**Supplied material**
::::::
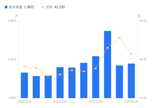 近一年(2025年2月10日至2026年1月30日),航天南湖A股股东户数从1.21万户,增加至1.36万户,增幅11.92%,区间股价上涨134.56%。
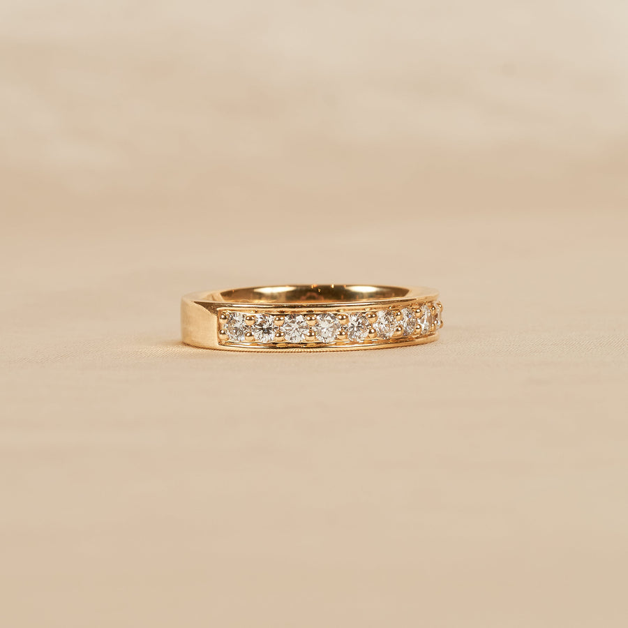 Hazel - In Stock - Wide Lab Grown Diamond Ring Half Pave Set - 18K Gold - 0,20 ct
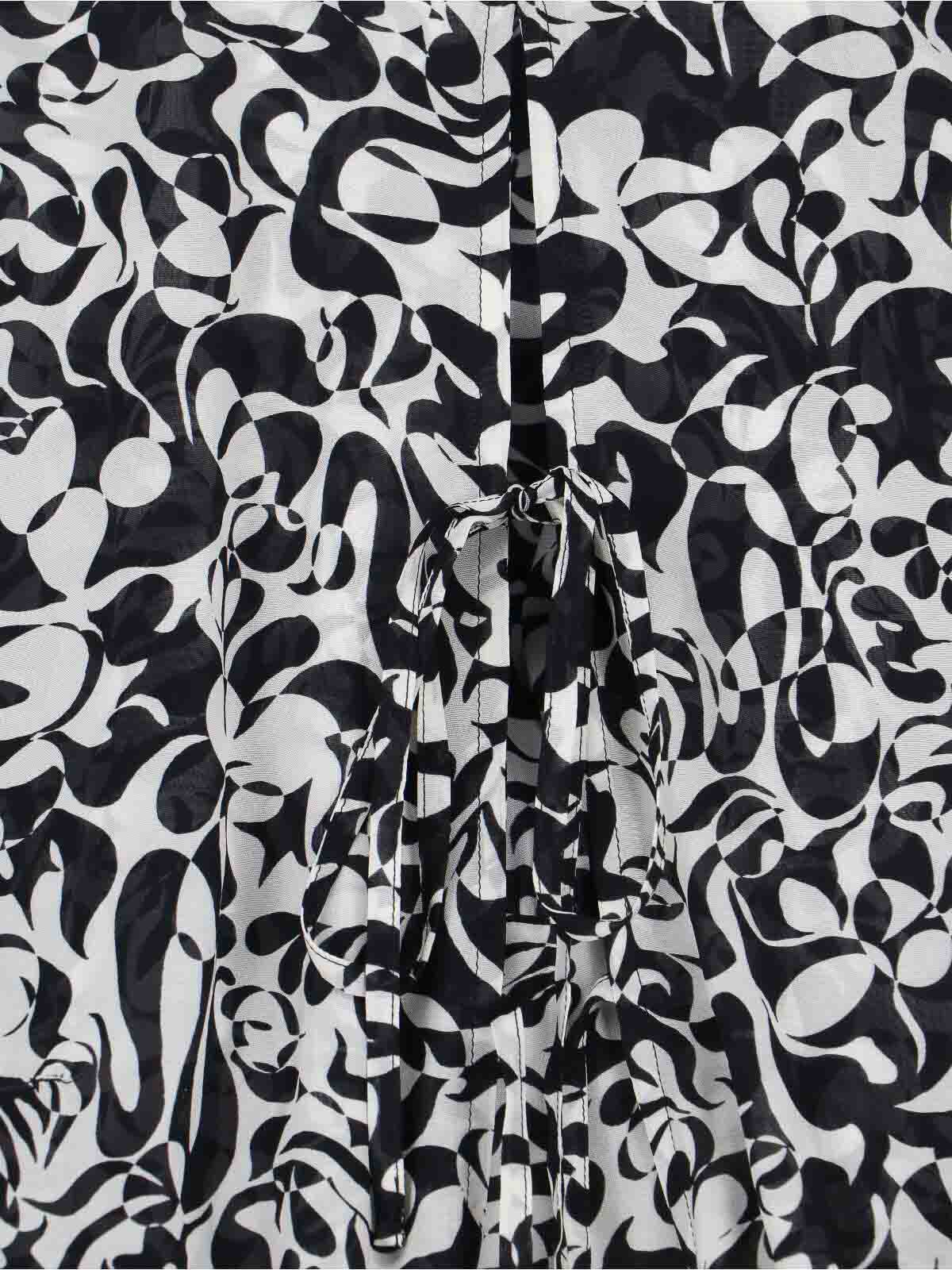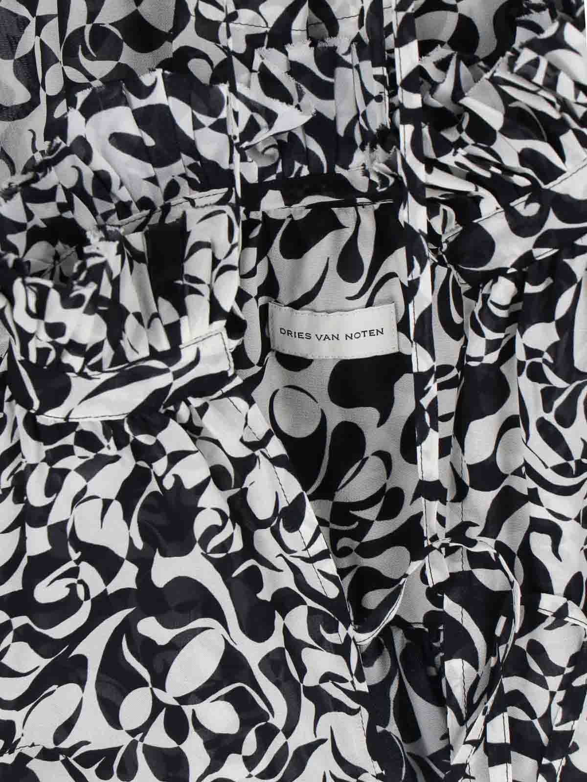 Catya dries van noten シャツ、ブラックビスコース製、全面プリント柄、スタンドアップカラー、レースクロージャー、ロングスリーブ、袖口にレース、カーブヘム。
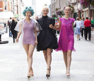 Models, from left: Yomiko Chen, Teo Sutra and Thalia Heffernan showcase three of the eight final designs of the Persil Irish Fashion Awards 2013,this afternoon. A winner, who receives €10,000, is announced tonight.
::::::
**Action item**
A word-for-word copy is required of the lines above from the line with "Hazel - In Stock" through the last line of the data; no other lines and no pictures belong in it.

**Exercise output**
 Hazel - In Stock - Wide Lab Grown Diamond Ring Half Pave Set - 18K Gold - 0,20 ct
 Catya dries van noten シャツ、ブラックビスコース製、全面プリント柄、スタンドアップカラー、レースクロージャー、ロングスリーブ、袖口にレース、カーブヘム。
 Models, from left: Yomiko Chen, Teo Sutra and Thalia Heffernan showcase three of the eight final designs of the Persil Irish Fashion Awards 2013,this afternoon. A winner, who receives €10,000, is announced tonight.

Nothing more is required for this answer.